La liste des personnes interrogées était très longue, aux États-Unis comme en Europe. Tyler Hamilton, un autre ex-coéquipier condamné pour dopage, en faisait partie. Dans une entrevue à la télévision, Hamilton a dit avoir vu Armstrong s'injecter de l'EPO. Même George Hincapie, grand ami du septuple vainqueur du Tour de France, serait passé à table, selon CBS, ce qu'il n'a jamais nié.

L'étau semblait se resserrer sur Armstrong, qui s'était d'ailleurs entouré d'avocats réputés et d'un relationniste qui avait déjà travaillé pour Bill Clinton.

De toute évidence, faire la preuve de la culpabilité d'Armstrong «hors de tout doute raisonnable», comme l'exige un procès criminel, n'était pas à la portée des enquêteurs fédéraux. Leurs deux témoins connus - Landis et Hamilton - ont menti pendant des années avant de s'avouer coupables. Le peu de succès d'enquêtes semblables sur les joueurs de baseball Barry Bonds et Roger Clemens a peut-être aussi refroidi leurs ardeurs. En cette période de difficultés économiques, le bien-fondé de l'investissement de sommes considérables dans ces enquêtes était aussi remis en question par le clan Armstrong, un argument qui trouvait écho dans le public.

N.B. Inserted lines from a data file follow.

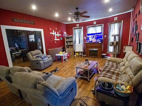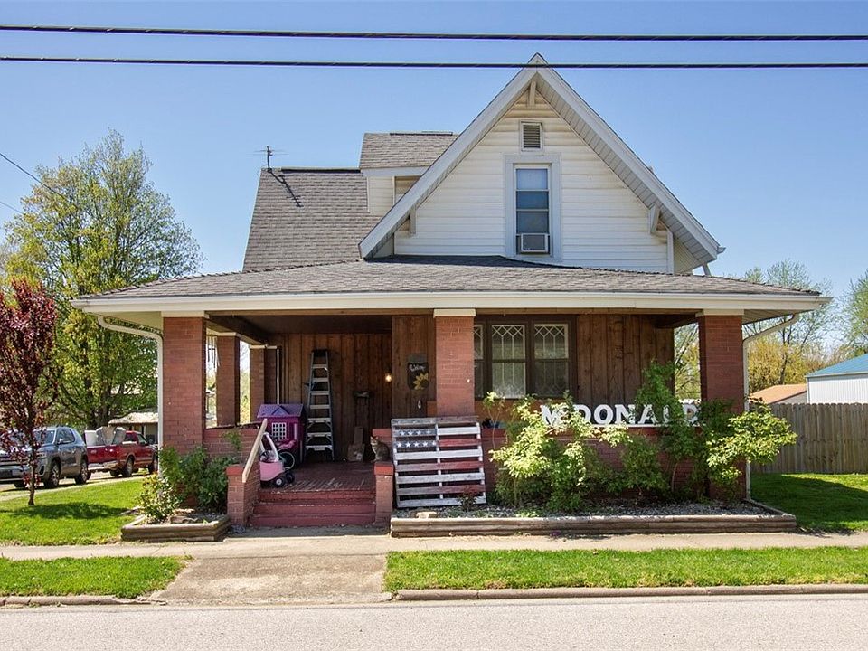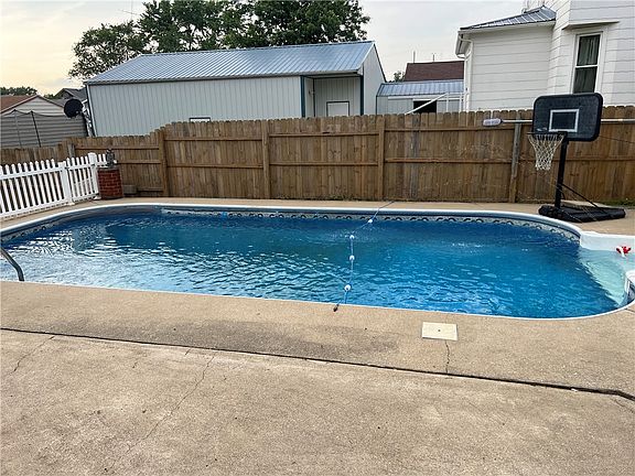 This 4 bed, 1.5 bath home on a corner lot is within walking distance of the Jr/Sr High School! You will love the large covered front porch of this home! Upon entering you are greeted with a beautiful wooden staircase in the formal entryway. The large living/dining room is complete with tall ceilings making the room feel even larger! Thru the living room you will find the large kitchen and 1/2 bath. The mud room offers main floor washer and dryer and access to the basement which houses the boiler for the hot water heat, water heater, storage area and a shower unit! Upstairs is 4 spacious bedrooms with plenty of closet space and a full bathroom featuring a garden soaker tub. Outside is a fully fenced back yard, detached garage with concrete floor and a yard barn. Don’t forget about the 28x14 inground swimming pool with 8’ deep end! $600 flooring credit. All kitchen appliances stay, washer and dryer, window units, and picnic table. Schedule your showing today before this one is gone!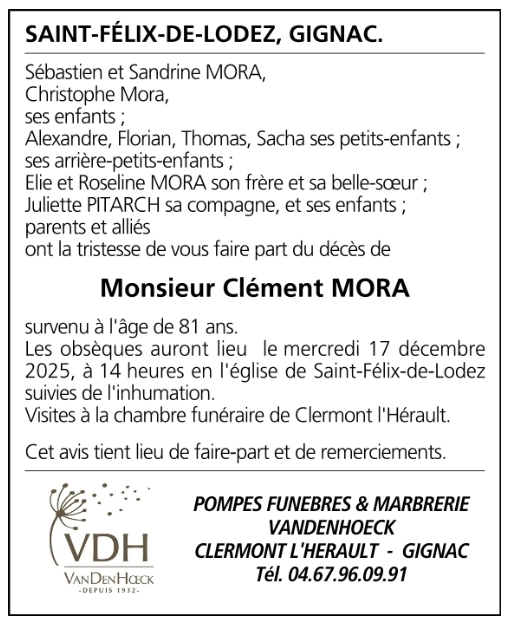 Died in Gignac (34150, France) on 13 December 2025 at the age of 81 years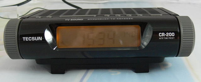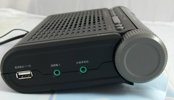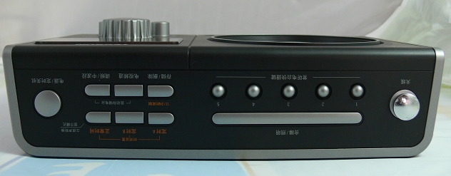 两侧是旋钮,右侧是调谐飞梭,左侧是音量控制旋钮,飞梭和CR1000不同,只能旋转不带按钮开关,飞梭调谐时手感不错,当你快速旋转飞梭时,机器就会进入自动调谐状态,当收到电台时,就会停止调谐,进入正常的收听状态,喇叭在机器的顶部,顶部前端安排了八个按键,从油至左分别是:电源/定时关机、频率/地址(选台方式)、波段(自动存储)、存储/删除(12/24小时制)、显示模式(正常时间)、贪睡/照明、定时B、定时A。这些按键都是多功能键,CR200没有了CR1000那样的有5个常听电台预存键。机器的右侧没有任何按键和输入/输出接口,机器的左侧则有输入/输出端口,有立体声耳机输出,有线路输入,还有一个只有在数码产品上才能见到的USB接口。当USB借口出现在传统的模拟收音机上,确实会让人感到新奇,其实这恰恰是德生工程师们在以人性化为本的理念指导下的产物,这个USB接口是一个充电插口,很实用,真是随时可以对身边的数码产品进行充电,,尤其对拥有手机、MP3的用户,更是带来人性化的贴心服务!说到这里我忽然想德生要是再设计一个带有USB插头的高亮度发光二极管的小灯,晚上调收音机时,将灯插入插座,一边可以听收音机,一边可以在USB照明灯下看书,是何等的惬意!该机的灵敏度也和CR1000一样,相当的好,没有短波的机器个人认为没有太大的必要去把这些机器和带短波的机器去对比!因为CR200和CR1000是定位于电视伴音系列。机器的前底部有一下支架,用来抬升机器的前部,让视角更好!CR200和CR1000一样,也拥有ATS自动搜索存储功能,操控性很好,哪怕不看说明书也不会让人不知所措!机器的温度显示也是和CR1000一样,温度显示精确。CR200的声音没有CR1000那样优美动态!但该机器的喇叭还是相当不错。值得一提的是该机加了一个线路输入,而该输入端口很特别,只要你不把222V交流电源线拔掉,无论是是开机还是是关机状态,只要插入线路输入,机器就会自动播放你从线路输入中送入的信号,这个功能相当的方便,足以见得德生人在开发新产品时高瞻远瞩!个人建议在机器的后背加一个220V的电源开关,一般这机器会永远插在电源插座里,哪怕不工作,变压器的初级线圈还是长期通电的,安全还是会有一定的隐患,要是增加一个电源开关,在220V输入变压器前加了开关,那样可以长期不用拔插头,不用时只要关了开关就可以了,时间用电池来维持!该机采用的是软天线,机器的后背很别扭,一个电源线和一根软天线,虽然说是床头机,但为啥不给用户机会选择ZY移动?电线和天线做成分离型就好了。对于该机的防误开关机而设计的延时开机功能,有点不习惯,对于收音机,特别是床头机,这样误动作的机会并不多,上次买的凯隆新机也是这样设计,感觉在使用上很不习惯,还是原先的那样,按下开关,直接开机来得爽!也许这仅仅是我个人的一点感受!飞梭调谐预存电台,非常非常别扭,CR200和CR1000不同,这小机没有快捷预设存储键,所以想要收听电台调谐都要靠飞梭调出预置台,而随之而来的问题是:CR系列机器是调谐时静噪的,快速选择飞梭时是静音的,而CR200的飞梭旋钮比较宽大,且步进手感不太明显,调谐是必须看着液晶屏,如果不看屏幕的指示,凭耳朵和手感用飞梭调出一个个电台有很大的难度,如果能增加飞梭步进阻力,或在预置电台逐个搜索时给予“滴”的提示音就好了。

«Ils se sont dit: "on va probablement perdre et il ne faut pas perdre du temps et de l'argent avec ça"», a d'ailleurs estimé Dick Pound, ex-président de l'Agence mondiale antidopage (AMA), néanmoins surpris par l'abandon de l'enquête.

M. Pound, qui a déjà eu quelques prises de bec avec Armstrong, espère que les enquêteurs répondront à la demande de l'agence antidopage américaine (USADA) de lui remettre les preuves amassées. «Ça va nous aider beaucoup», a dit l'avocat montréalais.

Viande contaminée

Le cas d'Alberto Contador est complètement différent. Personne ne contestait la présence de clenbutérol dans son urine après une étape du Tour de France de 2010. Le cycliste espagnol prétendait que l'ingestion de viande contaminée provenant de son pays était à l'origine de ce test positif. La fédération espagnole s'était rangée aux arguments du triple vainqueur du Tour et l'avait blanchi il y a un an. Cette décision a été contestée par l'AMA et l'Union cycliste internationale devant le Tribunal arbitral du sport (TAS).

Au cours des mois suivants, la défense de Contador a semblé prendre du coffre quand cinq joueurs de soccer mexicains et un cycliste danois ont obtenu gain de cause avec une défense semblable. «Une fois que le Tribunal arbitral du sport aura absous le champion espagnol - c'est presque devenu une évidence - d'ici à la fin du mois, Contador aura la voie libre vers une quatrième victoire dans le Tour», écrivait même L'Équipe dans sa livraison du 17 janvier.

«La viande, c'est sûr que ça se peut, mais le contexte restait à définir», a rappelé Christiane Ayotte, directrice du laboratoire antidopage de l'INRS, à Laval.

Dans les histoires précédentes, la viande provenait du Mexique, pays aux prises avec un problème de santé publique au sujet de la viande contaminée au clenbutérol. Ce qui n'est pas le cas de l'Espagne, a tranché le TAS dans sa décision défavorable à Contador rendue hier matin, après plus d'un an de procédures.

En moins de 72 heures, les destins d'Armstrong et Contador, ennemis jurés et gagnants de 10 Tours de France sur 12 de 1999 à 2010, ont pris une orientation radicalement différente.